Schemas allow the data to persist in a typed manner across lots of new versions of the application as it's developed, they serve as documentation, and prevent a lot of bugs. And SQL lets you move the computation to the data as necessary rather than having to fetch a ton of data and post-process it in the application everywhere. I think the "NoSQL" fad will end when someone finally implements a distributed relational database with relaxed semantics. Interview Preparation III.

CassandraSF Progress and Futures. Thank you so much for this post, and for satisfying some of my curiosity. Really impressive breakdown of their stack.. I thought it was php driven considering the Facebook legacy. I hope they open source their search.. Thanks Phil for this comment. I finally went back to it and break it down. This is brilliant and inspiring.

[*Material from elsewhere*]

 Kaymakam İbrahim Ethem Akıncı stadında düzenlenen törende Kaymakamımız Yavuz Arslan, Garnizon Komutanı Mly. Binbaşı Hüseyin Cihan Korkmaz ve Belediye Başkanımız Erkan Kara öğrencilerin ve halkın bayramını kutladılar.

Scaling up is getting easier but setting up this kind of architecture requires a lot of learning and time. They planned for scaling and performance before they built their tools and architecture. They understand MySQL very well and how they can use it as the basis for a scalable data-store.

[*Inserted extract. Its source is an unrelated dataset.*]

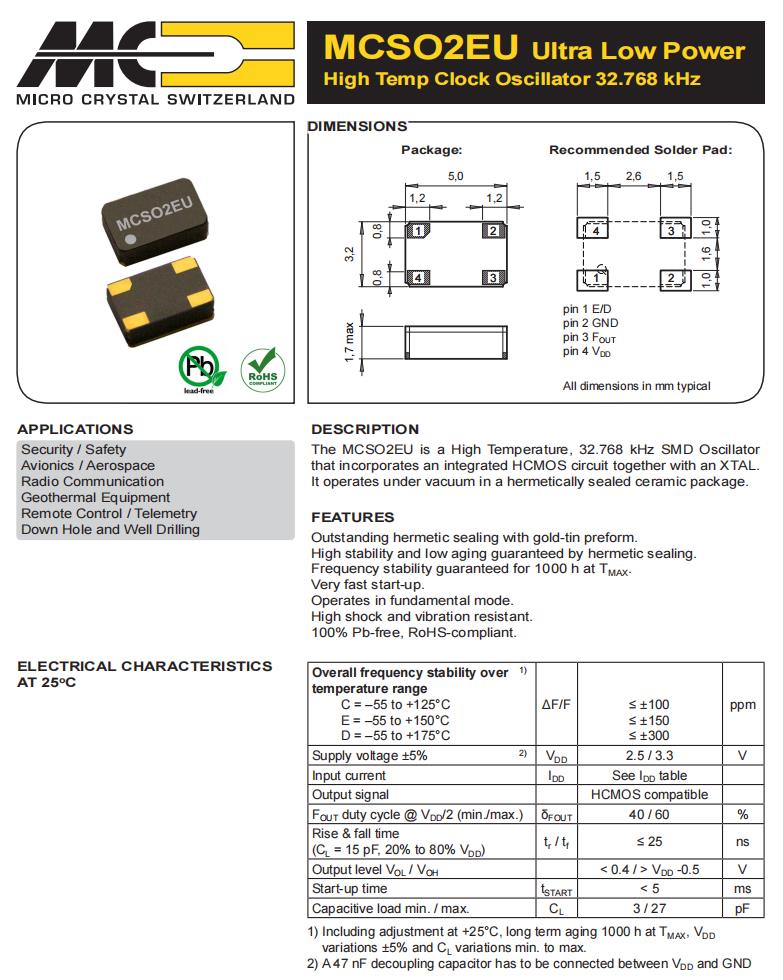 MCSO2EUV-D-32.768kHz-E/D-T3,5032mm晶振,6G基站晶振,Micro晶振,MCSO2EU石英晶體振蕩器,MCSO2EUV-D-32.768kHz-E/D-T3晶振,5032mm晶振,32.768K有源晶振,電壓3.3V,頻率穩(wěn)定性100ppm,工作溫度-55~175°C,抗沖擊晶振,抗振動(dòng)晶振,6G基站晶振,安全設(shè)備晶振,航空航天應(yīng)用晶振,地?zé)嵩O(shè)備晶振,井下和鉆井應(yīng)用晶振,遠(yuǎn)程控制應(yīng)用晶振.
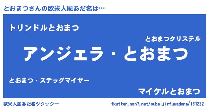 | 男性向けラノベタイトル風あだ名 | 『とおまつに滅ぼされるだけの簡単なお仕事です』 |

They seem to also know when the limitations of this architecture will be reached and I have no doubts that they have plans in place for migrating the architecture, where necessary, to different technologies.

That said, they will likely encounter some unique challenges in scaling that others have not encountered before. This is due to the unique way that they have created Quora. Friendfeed is the closest website structure I can think of off the top of my head, but I expect Quora to take the scaling to a whole new level.

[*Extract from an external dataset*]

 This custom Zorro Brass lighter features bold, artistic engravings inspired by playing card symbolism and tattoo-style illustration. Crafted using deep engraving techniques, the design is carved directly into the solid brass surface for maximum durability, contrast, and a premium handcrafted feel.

LiveNode and webnode2 show that they are not affraid of building their own solution where one does not exist. I must smile a little about the surprised reactions on the scale-at-the-application thing. This is so commonly used in the industry long before shared caches came around. Each node could have its own database locally, even MySQL. Batch processes running during the less active hours of the service redistribute subscriber data if needed. The web-browser keeps the connection with the server alive using HTTP keep-alive.

It let me know a lot. Great article. Any thoughts? Software Engineer Phil Whelan on Twitter. The Search-Box Only the questions, topic labels, user names or post titles are indexed and served up to the search-box.

Speedy Queries Did I mention that the search-box is fast? Nginx Behind the load-balancer, Nginx is used as a reverse-proxy server onto the web-servers.

Pylons And Paste Pylons , a lightweight web framework, is used as their main web-server behind Nginx. Thrift Thrift is used for communications between backend systems. Tornado The Tornado web framework is used for live updating. Long Polling Comet Quora does not display just static web pages. Git Git is used for version control. Resources Quora.

I look forward to more! Alex Toulemonde. See U soon. Phil Whelan. Good point, Alex. The WHEN will have to wait for another post. Stay tuned. Jon Forrest. Horia Dragomir. Scala is too young. Adam mentioned that speed and lack of type checking are Python's weaknesses, but they all already know that the language is pretty good. They think Ruby and Python are very close, but they have Pyhton experience and lack of experience with Ruby, so Python wins. They are using Pyhton 2.

Another advantage of using Python is that Python's data structure and JSON can be well mapped, and the code is highly readable. And there are many libraries, debuggers and overloaders. The communication between the Quora browser and the server mainly uses the JSON format, so this has also become an important factor.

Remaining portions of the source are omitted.